David Gilbert experienced a crowning moment when he picked up a maiden ranking title at the recent BetVictor Championship League, now he hopes he can press on and accumulate further silverware.
The Tamworth cueman defeated Northern Ireland’s Mark Allen 3-1 in the title match to finally land a first title after 19 seasons as a professional and four ranking final losses.
Since then Gilbert has followed that victory up with a run to the quarter-finals of the matchroom.live British Open and he defeated Ian Burns 4-0 today to qualify for the final stages of the BetVictor Northern Ireland Open.
We caught up with Gilbert to find out just how much it meant to him to scoop his maiden ranking title…
David, congratulations on your win at the Championship League. What was your immediate reaction when you got over the line in that final?
“I just finally smiled I guess, which is quite rare playing snooker. It is a nice feeling to finally be able to go back to the snooker club and not have to listen to the local guys, who have hammered me for years. They can’t really say anything. It is there in black and white. I am a winner. Happy days.”
Does the struggle to get to this point make it even more satisfying?
“I’ve had it, maybe ten years ago, when I’ve won a couple of games and been delighted. I’ve got to the next bit now, where I want to win events and I know my game is there to do it. When you have that mentality, unless you do go home with the trophy, then you are disappointed. Last week at the British Open I genuinely believed I could win that competition and when I lost to Gary Wilson, I went home and sulked for half an hour before going back to normal. It is a tough sport we are in and a tough world.”
Do you believe that the win will act as a monkey off the back and increase your chances of winning further events?
“I certainly hope so. I’d love to get into another position to win an event this season. I don’t want it to take another 20 years, that is for sure. I’ve got to make the most of the next five years. I am 40 years old and not a young pup. I never had a 50/50 game in a final before this, I’ve played legends in all of them. There is only one final that irritates me. The rest of them I am perfectly fine with. Now that win is done with, hopefully we are alright. People forget that there are 60 other players that feel they can win. Ronnie O’Sullivan is the greatest player ever and he doesn’t win everything. People say he is unbeatable but he isn’t. For normal people like me, winning an event isn’t an easy thing to do. Only one of us can go home with the trophy, but I hope I will be able to do it again soon.”
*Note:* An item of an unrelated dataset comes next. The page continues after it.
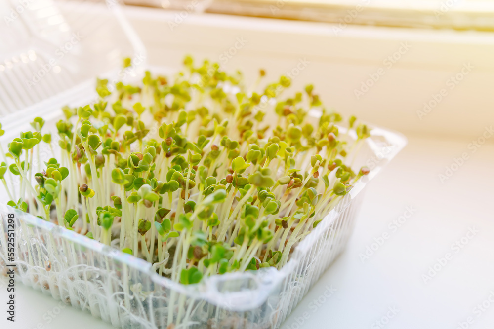 Juicy organic food micro greens radish sprouts bio organic edible harvest. Health eco gardening, ecology, home business concept.
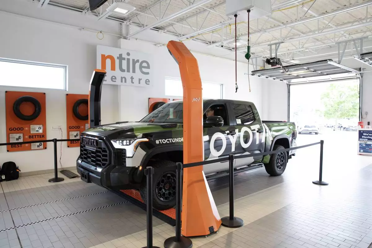 ACV’s VIPER inspection towers installed in a dealership service drive, designed with a compact footprint that fits easily into existing lanes while enabling AI-powered vehicle condition capture.

I assume the match you are referring to is the 2018 World Open final, which you lost 10-9 to Mark Williams having led 9-5, how difficult was it to get over that one at the time?
“That was the start of a big turn for me in my game. I got to that final unexpectedly, but I felt I played well enough to win it. That is undoubtedly the toughest defeat I’ve ever had. It still irritates me now. Nothing against Mark, he is clever, crafty and has balls of steel. I took a bit of hope from coming so close to winning that event, but it really did hurt me. It meant nothing to me having a good run and winning £75,000. It was about all of the years of sacrifice. I just wanted to pick up a trophy. I’d have given the money back to win that tournament.
“I’ve had to learn the hard way at this game. A lot of that is down to myself and how I applied myself years ago. I don’t mind taking baby steps. I’m always learning. It is harder to adapt and learn when you get older. I wish I did things differently years ago but I’ve made big inroads. It is nice to have had some better times on the table. There are a lot better players than me that haven’t been to the semis at the Masters and the one-table setup at the Crucible.”
What would it mean to press on and become a multiple event winner?
“For most of my playing career I never thought I could win. I suppose it is only the last few years where I went to tournaments thinking I had a chance to compete and go deep. I had some near misses and good runs in big events. They do add up and to go from thinking I couldn’t win, to being on the verge of scooping the jackpot can be difficult. There were moments where I thought I had blown my chance. It was lovely to get any win on the board. It didn’t matter if it was the Championship League, the Shoot Out or the UK Championship. A win is a win. I won’t get carried away and start talking like I’ve read every self help book going. I want to win another one now. Whether that will happen I don’t know. I will keep putting the effort in and keep trying to improve.”